Tanta alegría aturde, porque la Guardia Nacional es, en el mejor de los casos, el resultado de un enorme fracaso. Es una de las expresiones más tristes de la decadencia del régimen democrático frente a los criminales. Es una prueba inequívoca de la incivilidad en la que vivimos. Es el reconocimiento explícito de que los cuerpos de policía que se diseñaron durante los gobiernos pasados fueron incapaces de cumplir su misión. Es la confesión de que se corrompieron e hicieron aún más grave el problema que debían atender.
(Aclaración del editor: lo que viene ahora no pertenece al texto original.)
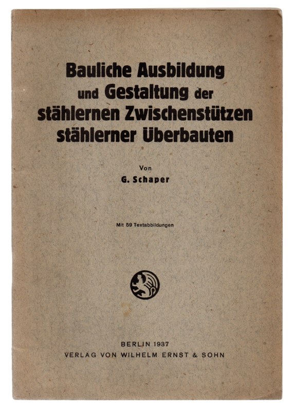 * Über Unterstützungen (Einzelstützen, Pendelrahmen, Tragwerke, Mittelstütze usw.) von "Geh. Baurat Dr.-Ing. ehr. Dr. techn. h. c. G. Schaper, Reichsbahndirektor" (Titel). Gottwalt Schaper (1873 Hohlstedt (Großschwabhausen) im Weimarer Land - 1942 Berlin, begr. Wilhelmshorst bei Potsdam) war Brückenreferent im Reichsverkehrsministerium, Erfinder der Schaper-Krupp-Reichsbahnbrücke (zuletzt 1991 gebaut am Teltowkanal). Unter den Darstellungen Autobahnbrücken, zwei Aufnahmen von der Sulzbachbrücke bei Denkendorf, sowie zahlreiche Beispiele von Straßenunterführungen.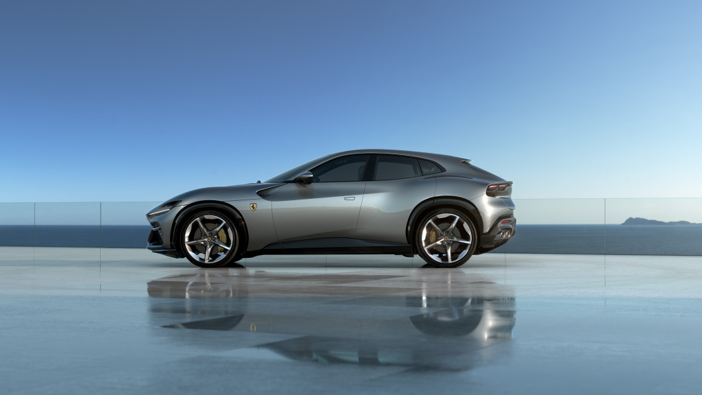 Para poder alcanzar los ambiciosos objetivos fijados para este proyecto y crear un carro digno de incluirse en la gama, se adoptó una disposición completamente diferente y unas proporciones innovadoras en comparación con los típicos GTs modernos (los llamados crossover y SUV), donde el motor va montado en la parte delantera del carro, casi a horcajadas sobre el eje delantero, con la caja de cambios acoplada directamente a él. Esto suele implicar una distribución del peso menos óptima que proporciona una dinámica y un placer de manejo más alejados de los estándares de excelencia a los que se han acostumbrado los clientes y entusiastas del Cavallino Rampante.

Es la renuncia explícita a abandonar el camino de la militarización que inició el gobierno de Calderón. Es la rendición vagamente condicionada de gobernadores y presidentes municipales ante un desafío que los rebasa completamente. Es la formalización de la entrega de esa misión a los militares.
La celebración de Morena —me explican sus partidarios— responde a su voluntad de respaldar inequívocamente las decisiones del titular del Ejecutivo. Celebran la obsecuencia eficaz del Legislativo. Olvidan quizás que el diagnóstico presentado para justificar la propuesta es, ya de suyo, ominoso; pasan por alto que el presidente López Obrador ha dicho cien veces que las fuerzas civiles con las que cuenta para enfrentar la inseguridad son escasas y poco confiables; que se trata de una solución necesaria y urgente, aunque refrende la ruta de la militarización que se inició en los sexenios del periodo neoliberal. Detrás de esa decisión hay razones terribles, pero el hecho es el mismo: el Estado mexicano ha formalizado la entrega de su seguridad a los soldados y a los marinos, al menos, por los próximos cinco años. El pueblo uniformado tendrá que aplacar al resto del pueblo, sin uniforme. Si mi padre, quien fue soldado, viviera, estaría llorando: el enemigo se nos metió a casa.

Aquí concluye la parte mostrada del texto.